Below are records. Transcribe exactly the lines from the one that contains "Easy Paneled V-Neck Tee - Loulia" through the last line, leaving any pictures out.

#### DATA FOR ANALYSIS ####

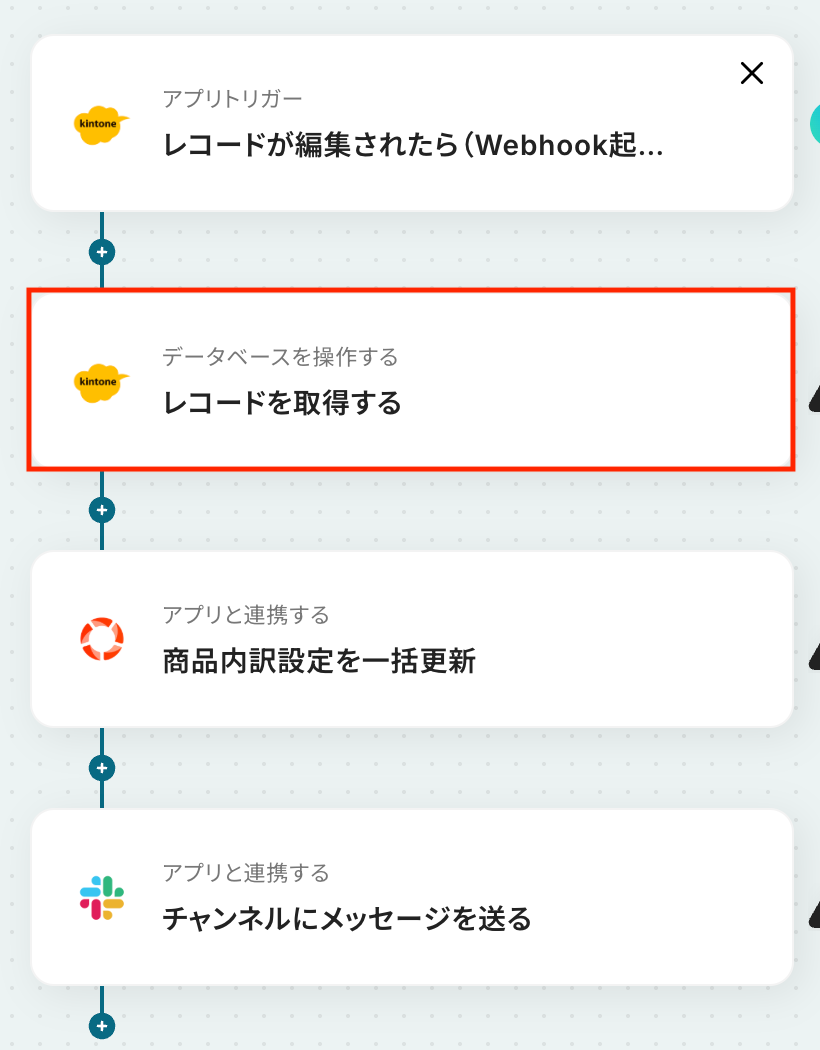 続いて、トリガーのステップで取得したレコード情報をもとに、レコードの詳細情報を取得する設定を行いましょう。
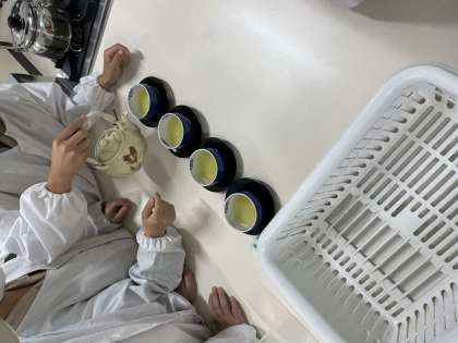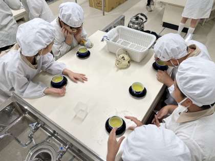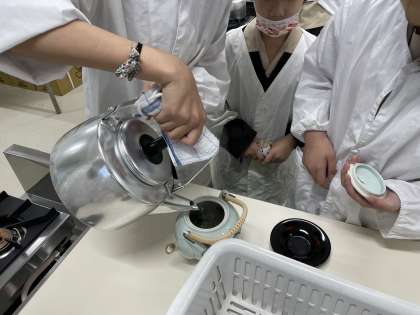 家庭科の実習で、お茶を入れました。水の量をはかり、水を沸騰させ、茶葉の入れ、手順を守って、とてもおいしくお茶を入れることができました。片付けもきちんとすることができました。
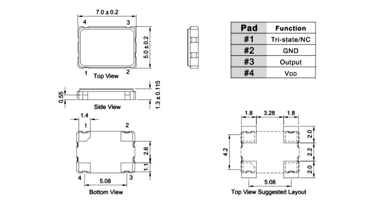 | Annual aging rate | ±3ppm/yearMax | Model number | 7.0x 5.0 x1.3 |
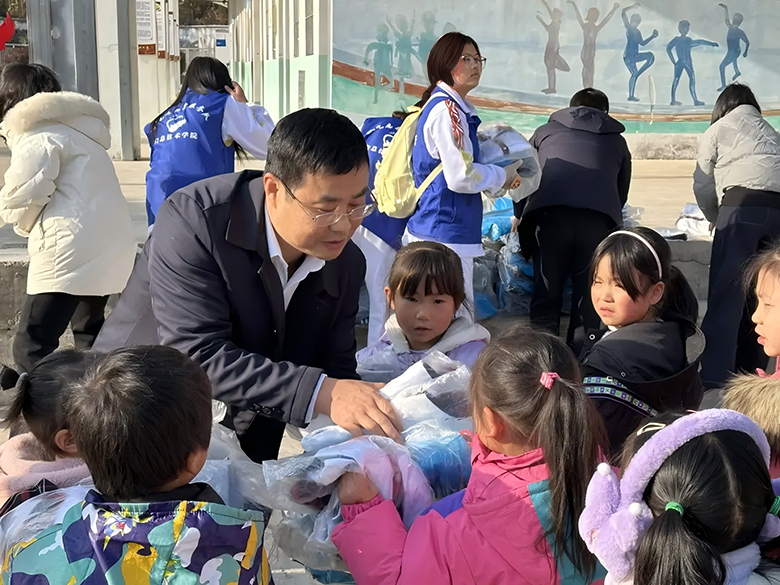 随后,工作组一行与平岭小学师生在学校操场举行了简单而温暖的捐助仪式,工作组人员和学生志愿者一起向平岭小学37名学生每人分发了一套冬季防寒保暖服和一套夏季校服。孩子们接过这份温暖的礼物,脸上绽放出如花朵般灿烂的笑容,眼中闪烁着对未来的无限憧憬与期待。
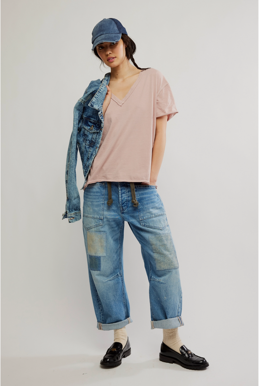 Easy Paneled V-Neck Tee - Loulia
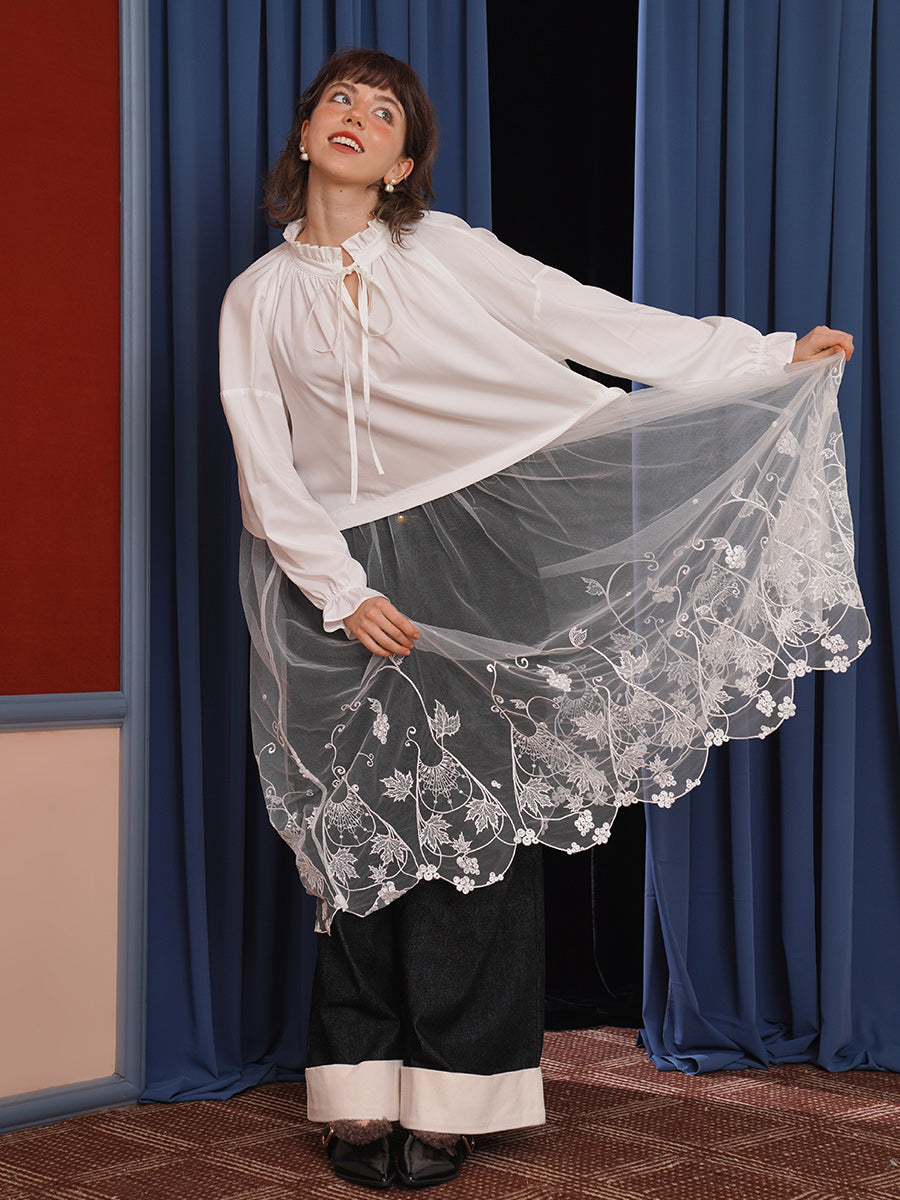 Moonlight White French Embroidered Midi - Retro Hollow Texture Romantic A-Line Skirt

####

▶ **REPLY TO THE TASK**
 Easy Paneled V-Neck Tee - Loulia
 Moonlight White French Embroidered Midi - Retro Hollow Texture Romantic A-Line Skirt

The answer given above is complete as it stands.